La Sala estima que debe existir correspondencia entre los factores respecto de los que se hacen aportes y sobre los que se ordena realizar la liquidación de la pensión, debiendo existir identidad entre unos y otros y si, en casos como en presente, no se efectuó la cotización respecto de todos ellos, se debe hacer el descuento correspondiente, al momento de pagar las diferencias que surjan de la nueva liquidación, pues ello permite la sostenibilidad del sistema pensional. En las anteriores condiciones, se ordenará adicionar en tal sentido la providencia recurrida.

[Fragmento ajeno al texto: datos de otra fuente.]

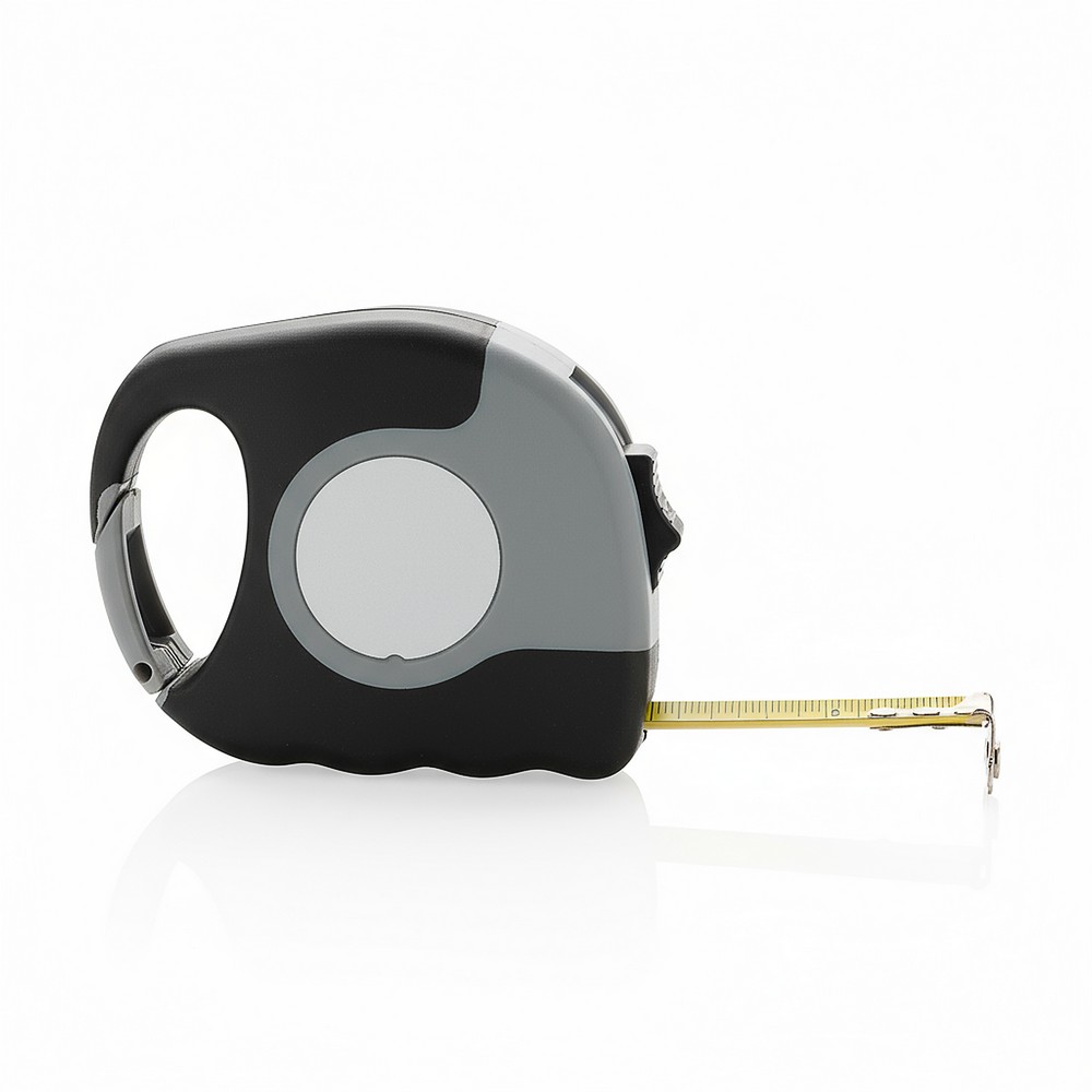 Miara 5 m z karabińczykiem, przycisk samozamykający, żółta taśma o szerokości 19 mm z dwoma silnymi magnesami na zaczepie, obudowa wykonana z ABS, uchwyt z TPR, posiada klip do paska, na obudowie matowa naklejka z PVC pod nadruk, wzór zastrzeżony®, ślad węglowy produktu: 1,38 kg CO2

En mérito de lo expuesto, el Consejo de Estado, Sala de lo Contencioso Administrativo, Sección Segunda, Subsección “A”, administrando justicia en nombre de la República y por autoridad de la ley,

FALLA:

Adiciónase el numeral 4º de la sentencia proferida por el Tribunal Administrativo del Valle del Cauca el 5 de noviembre de 2010 que accedió a las pretensiones de la demanda en el proceso promovido por Luz Daris Portocarrero Reina contra la Caja Nacional de Previsión Social, así:

Sobre los nuevos factores a tener en cuenta para el reconocimiento de la liquidación de la pensión de sobrevivientes reconocida a la señora Luz Daris Portocarrero Reina, la Caja Nacional de Previsión Social deberá realizar los descuentos por concepto de aportes destinados para el sistema de seguridad social en salud. Así mismo, sobre los nuevos factores a tener en cuenta en la respectiva liquidación de la pensión, deberán realizarse los descuentos por concepto de los aportes que no se hubieran efectuado al sistema general de pensiones, de conformidad con lo manifestado en las consideraciones.

CONFÍRMASE en lo demás la providencia recurrida.

Devuélvase el expediente al tribunal de origen.

Cópiese, notifíquese y cúmplase.

(1) 1º de abril de 1994.

(2) Corte Constitucional, Sentencia C-789 de 2002, M.P. Dr. Rodrigo Escobar Gil.

(3) C-168 de 1995, Corte Constitucional.